Le client ouvre ton master sur son laptop. Les noirs bougent en gris, la peau devient plastique, les détails du produit fondent en bouillie. Tu as passé douze heures sur l'étalonnage. Il voit une soupe MPEG. Le problème n'était pas la génération IA : c'était un export H.264 à 5 Mbps destiné à un écran 4K, ou un ProRes mal nommé qui n'est pas du vrai ProRes, ou pire : tu as livré le même fichier pour YouTube, broadcast et archivage.

Optimiser export et codecs pour livraison vidéo IA impose une règle simple : un usage = un profil d'export. Les clips IA ont souvent du grain ajouté, des textures fines et des dégradés ciel qui punissent la compression agressive. Ce guide pose les presets par destination, la checklist pré-livraison, et les pièges spécifiques au contenu généré.

Pourquoi l'IA punît les mauvais exports

Les modèles image et vidéo produisent des micro-textures (peau, tissu, feuillage) que les encodeurs interprètent comme du bruit. Un encodeur trop agressif mange le grain intentionnel et laisse des banding dans les ciels. À l'inverse, un débit trop élevé pour les réseaux sociaux est recompressé par la plateforme : double compression, couleurs qui driftent.

Le workflow pro : master haute qualité archivé + dérivés par plateforme.
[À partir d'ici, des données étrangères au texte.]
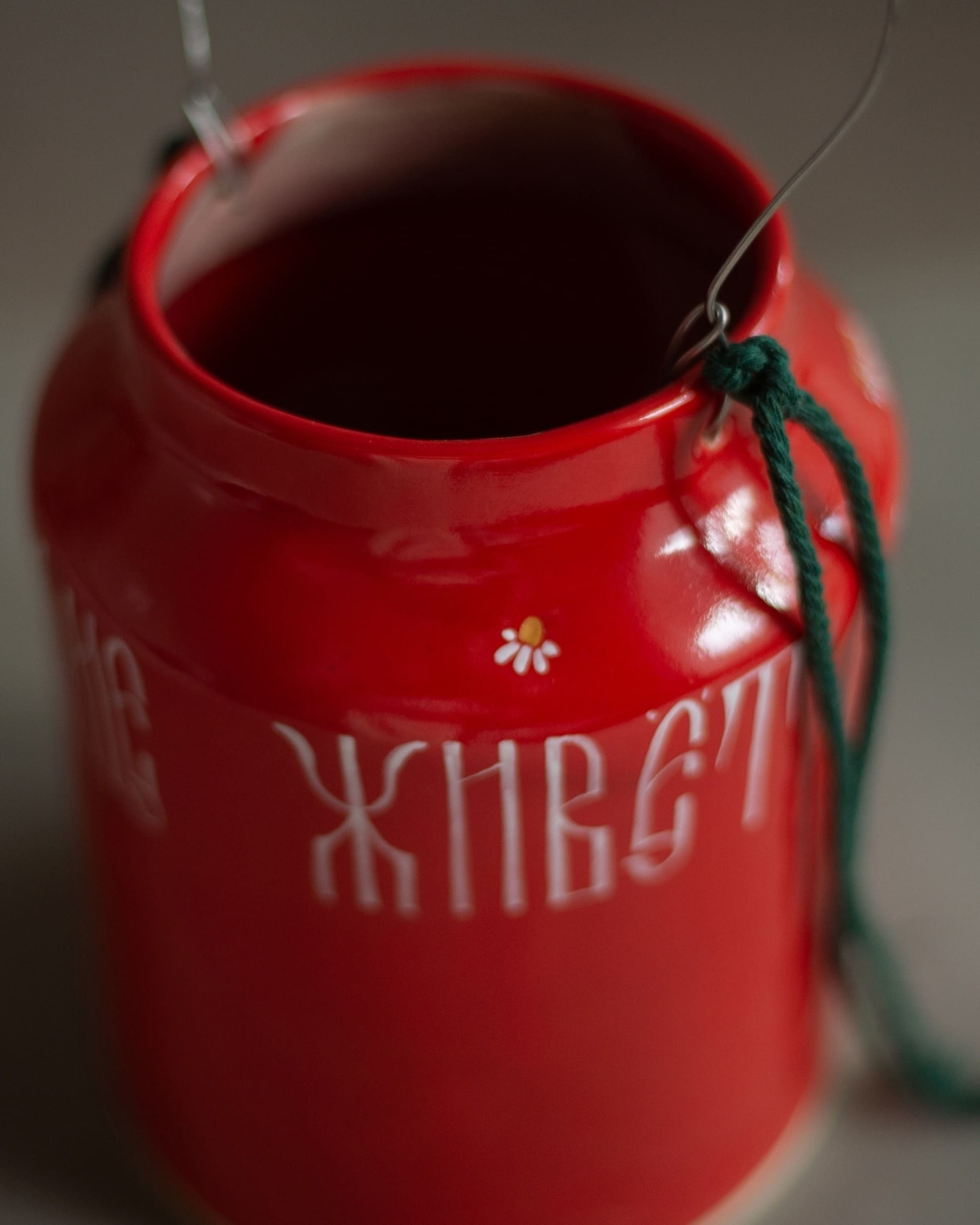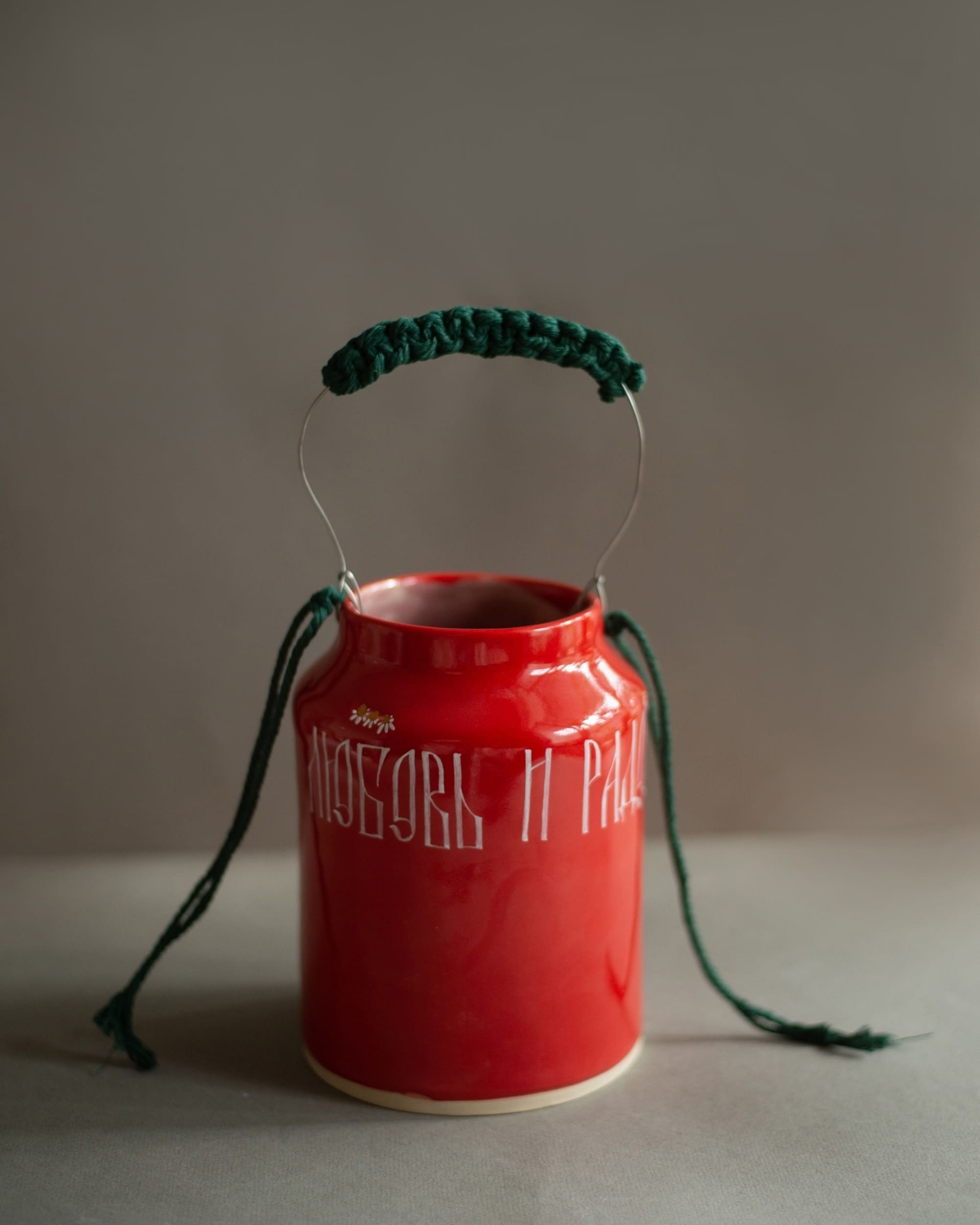 Создательница мастерской Мария Агафонова украшает свои керамические изделия добрыми пожеланиями, выполненными в стиле русской вязи. В своих работах художница вдохновляется христианской символикой и предметами, связанными с приятными воспоминаниями. Этот бидончик — самая настоящая ностальгическая вещь, своеобразная копилка тёплых чувств.

Jamais un seul fichier « pour tout ».

Pour la QA finale avant export, lis vérifier qualité mobile et desktop vidéo IA. Pour le loudness qui accompagne l'export, vois mastering loudness pub réseaux sociaux IA.
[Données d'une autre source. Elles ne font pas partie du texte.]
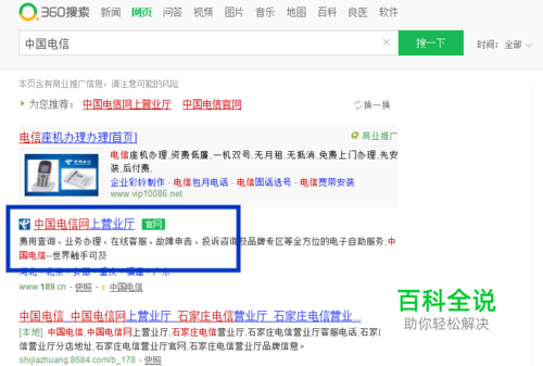 在浏览器中搜索,中国电信,看到有个网页标注官网,点击打开“中国电信的官网”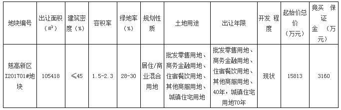 慈高新区地块使用权拍卖出让公告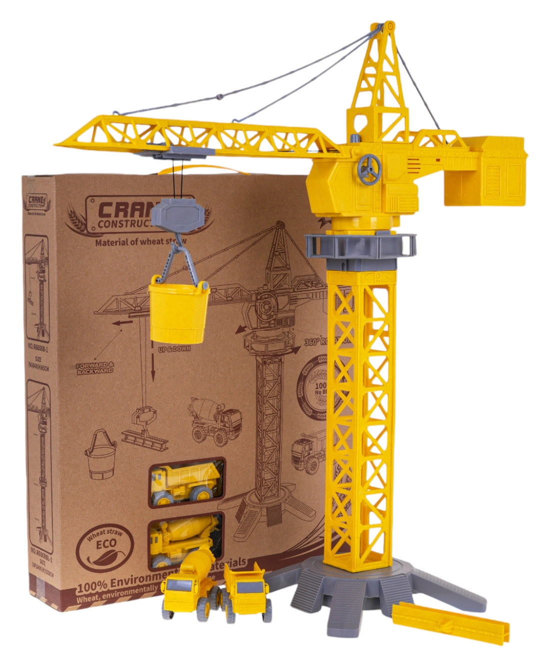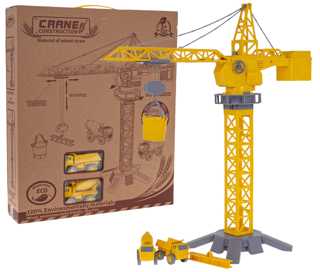 Еко строителен кран и превозни средства е идеалният подарък за малките строители и техните големи мечти. Кранът от екологични материали идва с два любими строителни автомобила – бетоновоз и самосвал. Децата могат да управляват крана ръчно, неговото рамо се завърта на 360 градуса и предлага подвижна кука, която може да се движи нагоре, надолу, надясно и наляво.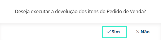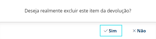 3) O sistema apresentará uma mensagem de confirmação para você. Clique no botão "Sim" para prosseguir com a devolução: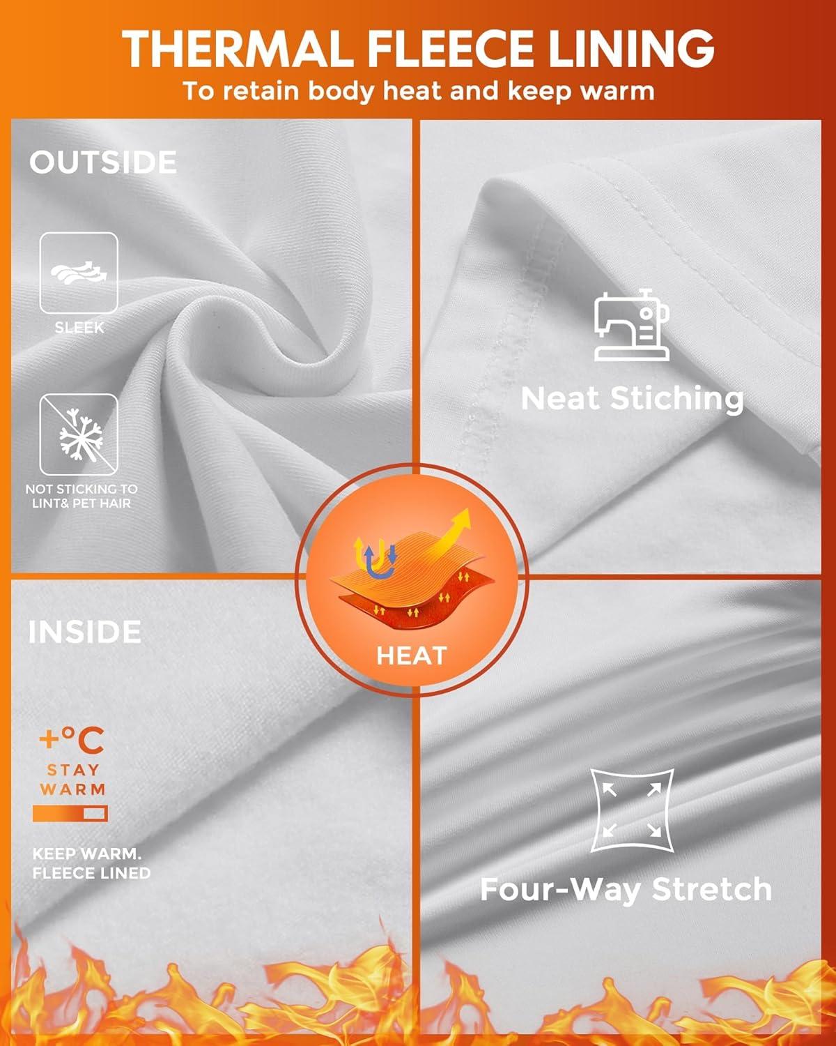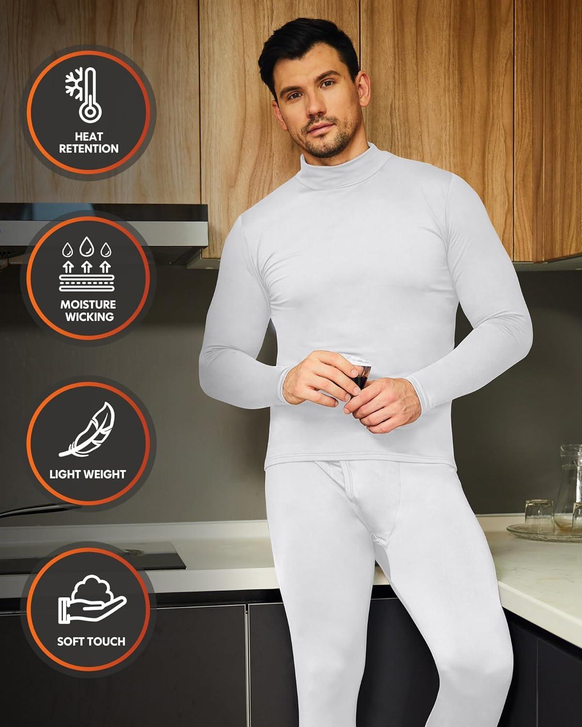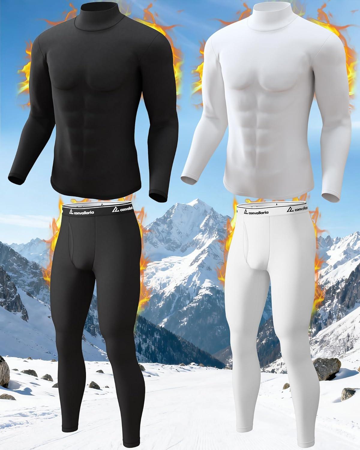 CL convallaria 2 Pack Thermal Underwear for Men Long Johns Fleece Lined Base Layer Set Winter Bottom Top 2XS-6XL(Turtle Neck-black/White)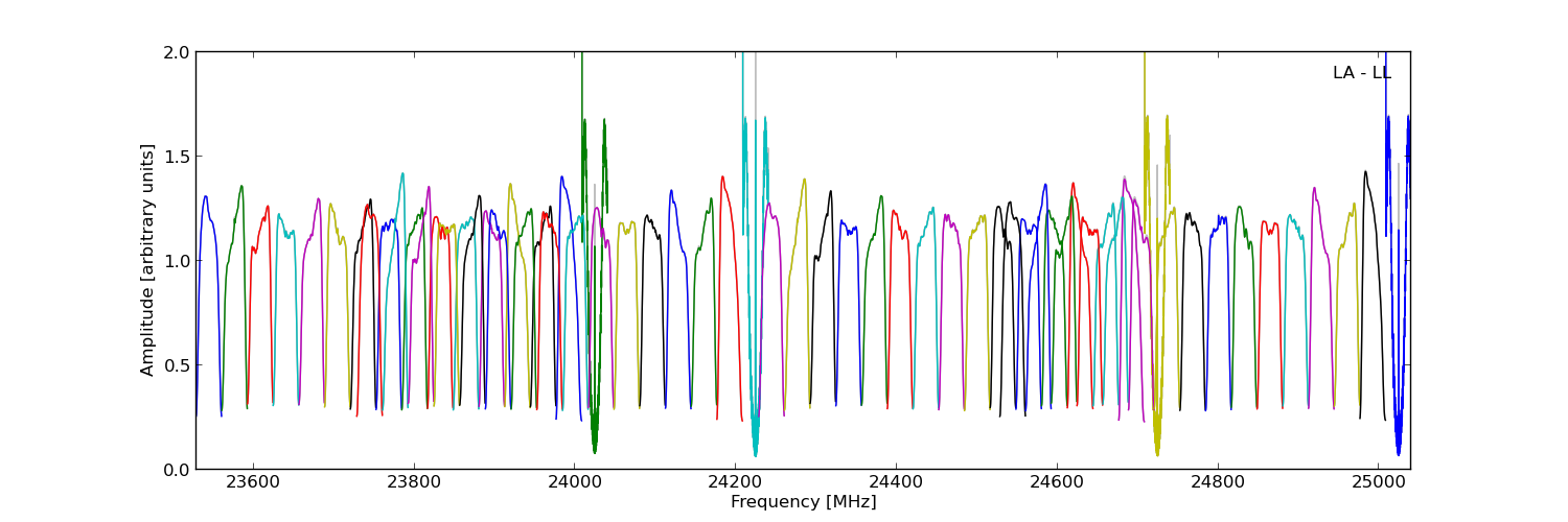Total power spectrum in arbitrary units. The solid lines indicate the mean value and the shaded area the peaks.

💡 Frank's Cut: exporte toujours un master sans bandeau texte et applique titres/sous-titres sur les dérivés. Le client qui demande « juste le fichier sans logo » te remerciera. Archive le master non burn-in.

Comprendre codec, conteneur et débit

Codec : algorithme de compression (H.264, H.265/HEVC, ProRes, DNxHR). Conteneur : fichier (.mp4, .mov). Débit : quantité de données par seconde (Mbps). Profil : contraintes du codec (Baseline, High, 422).

Pour la livraison client web et broadcast modeste, H.264 High Profile reste le standard de compatibilité. Pour l'archivage et l'étalonnage client exigeant, ProRes 422 HQ ou DNxHR HQX. Pour la diffusion streaming moderne à débit maîtrisé, H.265 si le client accepte la compatibilité variable.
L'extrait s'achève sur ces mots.